If certain queries are performing very slowly but overall access and inserts/updates are fine then it’s probably a lack of appropriate indices. If inserts are very slow but updates (not involving the primary key) are quick then it’s a problem with the primary key and most likely the clustered index (such as assigning a table to use a GUID key for its clustered index). If inserts and updates are both slow then it may be that there are too many complex indices that need to be updated. Database performance tuning requires a solid understanding of the data being stored, the queries used to access it and the general nature of the data itself (such as how frequently will inserts / updates occur).

19. What is SQL injection?

SQL injection (aka “SQL injection attacks”) is a situation where a malicious client uses carefully constructed data submitted to an application in order to cause the database server to execute arbitrary SQL not envisioned or desired by the programmer.
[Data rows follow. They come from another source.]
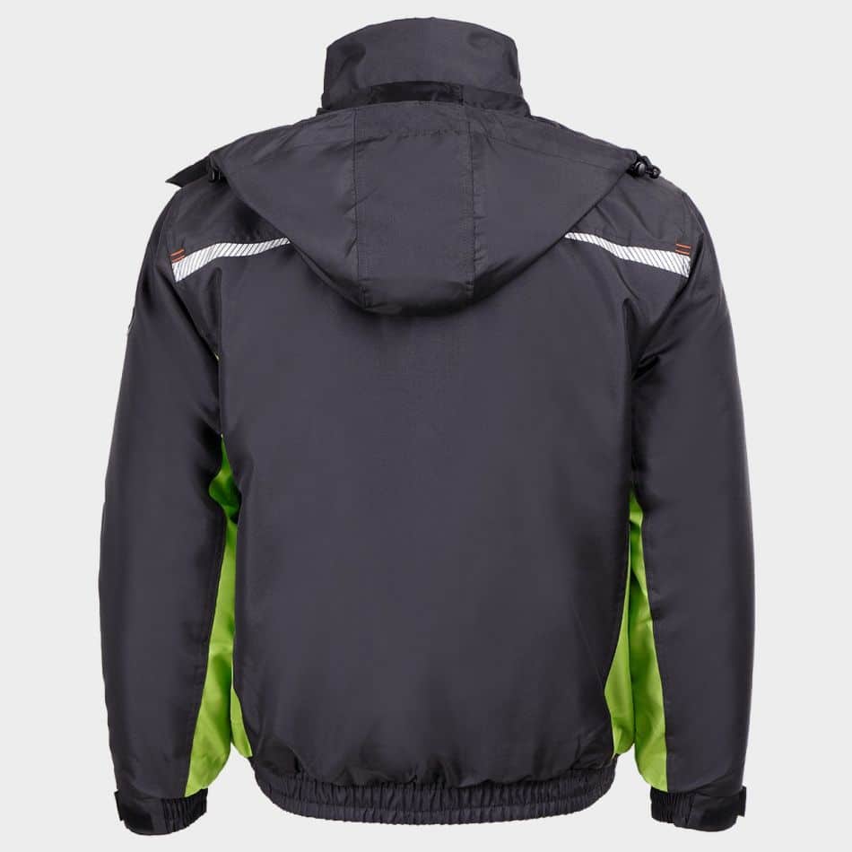 Яке ватирано – Призма е проектирано за студено време и интензивна работа на открито. Моделът комбинира топлина, защита и висока видимост – всичко, от което се нуждае един професионалист през зимата. Изработено е от 300D полиестер Oxford с PU покритие, устойчив на влага и износване. Подплатата задържа топлината, без да ограничава движението. Моделът включва качулка с велкро закопчаване, която предпазва главата и врата при лошо време. Закопчаването е с цип и допълнителен пластрон с тик-так копчета, които не пропускат вятър. Работното яке Призма разполага с два странични джоба и един нагръден джоб с цип – за удобно съхранение на принадлежности. Маншетите са ластични и регулируеми с велкро, а долната част е с частичен ластик за по-добро прилягане. Светлоотразителните елементи подобряват забележимостта при ограничена видимост. Продуктът отговаря на EN ISO 13688 – стандарт за професионално защитно облекло.
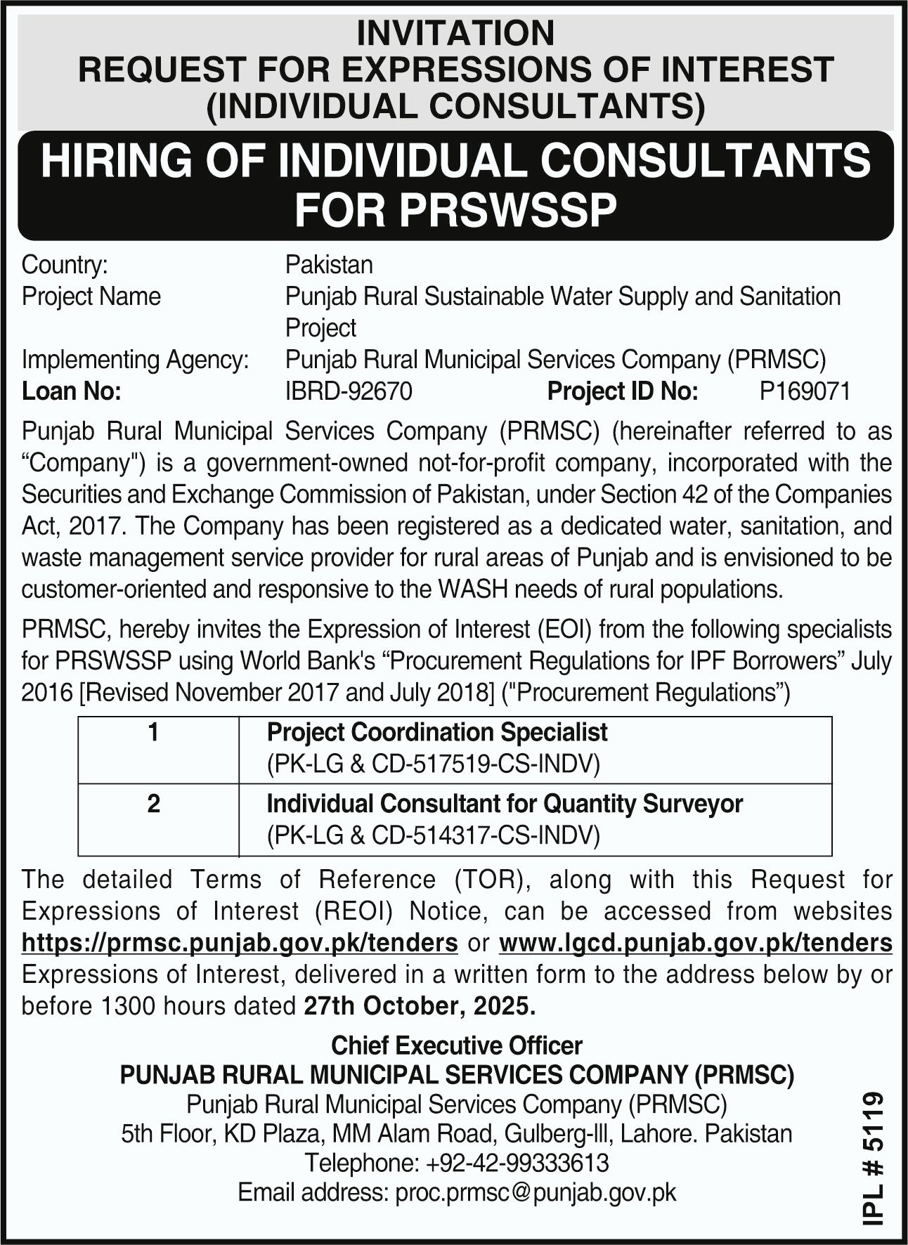 The detailed Terms of Reference (TOR), along with this Request for Expressions of Interest (REOI) Notice, can be accessed from websites https://prmsc.punjab.gov.pk/tenders or www.lgcd.punjab.gov.pk/tenders. Expressions of Interest, delivered in a written form to the address below by or before 1300 hours dated 27th October, 2025.
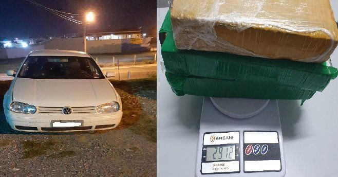 A equipe da Força Tática parou os suspeitos quando passavam pela rotatória da Avenida das Torres, em um veículo VW Golf branco. A droga foi encontrada debaixo do banco do passageiro.
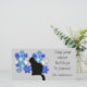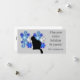 Svart katt som betraktar blåa och vita snöflingor. Personalisera hälsningen "Må din vinterlov bli glädjerik!" samt avslutningen/efternamnet

SQL injection can occur anytime text data obtained from an outside source is used to construct SQL statements without somehow ensuring the data is valid and does not contain unwanted characters / SQL code. The easiest way to do this is generally by using the parameter capabilities built into the ADO.NET data access components (though there are other possibilities as well).

20. What's the difference between unit test and integration test?

Unit testing is typically used for white-box testing of a specific class or method. Good unit tests tend to have a very small scope which validates that one very specific piece of code functions as intended. Unit tests would likely confirm that business logic implemented in a class worked as expected, but it would not test to see that business objects were successfully saved and loaded from a SQL database.

Integration testing is the practice of validating the interaction between two or more components / modules / systems / etc. Testing a business object connected to a functional data access layer capable of persisting those objects to a SQL database would be an example of integration testing.